«Campoamor estaría continuamente en Twitter»

García Martín, momentos antes de su conferencia en el Edificio Histórico. / A. PIÑA
García Martín, momentos antes de su conferencia en el Edificio Histórico. / A. PIÑA
José Luis García Martín - Escritor, profesor universitario y crítico

«Es una paradoja: sus poemas eran escandalosos, pero él estuvo con los conservadores. Era lo contrario a 'Clarín'»

D. LUMBRERAS OVIEDO.

El escritor, profesor y colaborador de EL COMERCIO José Luis García Martín (Aldeanueva del Camino, 1950) participó ayer en unas jornadas organizadas por el PP y dedicadas al 125 aniversario del Teatro Campoamor con una conferencia titulada como su antología, recién publicada, 'Amor, humor y filosofía. En torno a Ramón de Campoamor' en el Edificio Histórico de la Universidad.

-Amor y humor, dos temas que pueden ser peligrosos o divertidos.

-Campoamor, aparte de otras cosas, es un humorista. Y un personaje muy contradictorio: nunca sabemos cuándo habla en serio o en broma, y esas ocurrencias las llamó 'humoradas'. En eso tenía algo en común con Ángel González, que lleva el chiste a la poesía. En cuanto al amor, sus principales lectoras eran las mujeres. Su análisis con socarronería, otras veces con exceso de romanticismo, fue lo que lo hizo popular.

-¿Era apreciado como literato en su tiempo?

-En los últimos treinta años del siglo (XIX) es el poeta por excelencia, el más leído. También admirado y criticado, porque no hay gran poeta sin oposición.

-¿Lo han eclipsado los novelistas del XIX, como 'Clarín'?

-Incluso los modernistas, como Rubén Darío y Antonio Machado, apreciaban a Campoamor, les influye. En las vanguardias y cuando Juan Ramón Jiménez evoluciona a la poesía pura, marcan un corte, es lo contrario a la que defendía Campoamor. Prescinden de la anécdota, se alejan de la sintaxis cotidiana, rompen con la gramática, el principio de la rima... Campoamor es de los últimos poetas donde la rima es esencial a la poesía: quería quedarse en la memoria de la gente, y era así. A partir de 1917 la rima va quedando como algo secundario. Eso aleja a Campoamor del gusto contemporáneo.

-¿La greguería de Gómez de la Serna descendiente de la humorada?

-Claro. Las humoradas tuvieron varios descendientes: la greguería, el aforismo, el epigrama, los poemas breves de 140 caracteres en Twitter...

-¿Campoamor sería un tuitero?

-Claro, con las humoradas estaría continuamente escribiendo. 'Todo el amor es triste. / Mas triste y todo, es lo mejor que existe'. Lo podría firmar Marwan o Inés Sastre, a los que luego los retuitea mucha gente.

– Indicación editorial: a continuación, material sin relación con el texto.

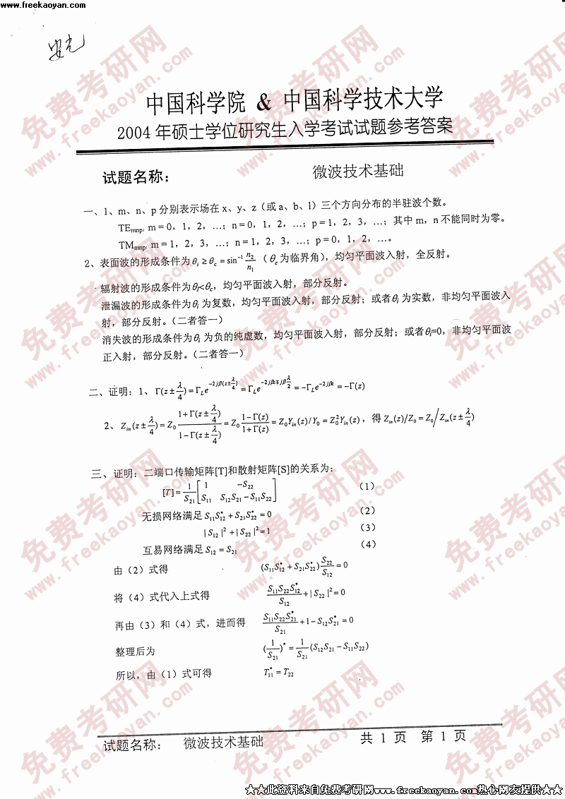 相关话题/微波 考研真题 技术 中国科学技术大学 基础
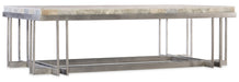 Sleek meets organic with the Marin Cocktail Table, featuring a pewter metal base and a tumbled white onyx tabletop for a fresh modern appeal.

-¿Las instituciones lo olvidan?

-Es un poeta asturiano, pero que estuvo fuera de Asturias: Madrid, Alicante, Valencia... Y tuvo una carrera política muy significativa pero poco conocida. Fue diputado, gobernador civil... ligado a la derecha que ha sido superada por la Historia. Es una paradoja: sus poemas eran escandalosos, pero él estuvo con los conservadores. Políticamente es lo contrario a 'Clarín', que sin embargo fue su admirador e hizo que le dieran el nombre al teatro.

-¿Es verdad que vino a la inauguración del teatro por su huerta?

-Se marchó de Asturias. Hay un poema dedicado a Navia, pero no la quería tanto cuando en veinte años no vino a verla. En Alicante tenía una finca, cultivaba, recibía gente... Es como los jubilados que se van a Benidorm.

-¿Dónde queda la filosofía?

-La lleva a sus poemas, quiere objetivar sus ideas mediante anécdotas. Junto con Antonio Machado, es el poeta con más preocupación filosófica en sus propios versos.

-¿Qué diría Campoamor del Oviedo de hoy en día?

-Diría poco del de antes y del de ahora. Su ciudad era Madrid. Gracias al empeño de 'Clarín', su nombre está ligado para siempre a Oviedo.

-¿Tiene más proyectos con él?

-No. He tratado de ver lo que de Campoamor sigue siendo vigente. En unos poemas muestro que todavía se le puede leer con gusto.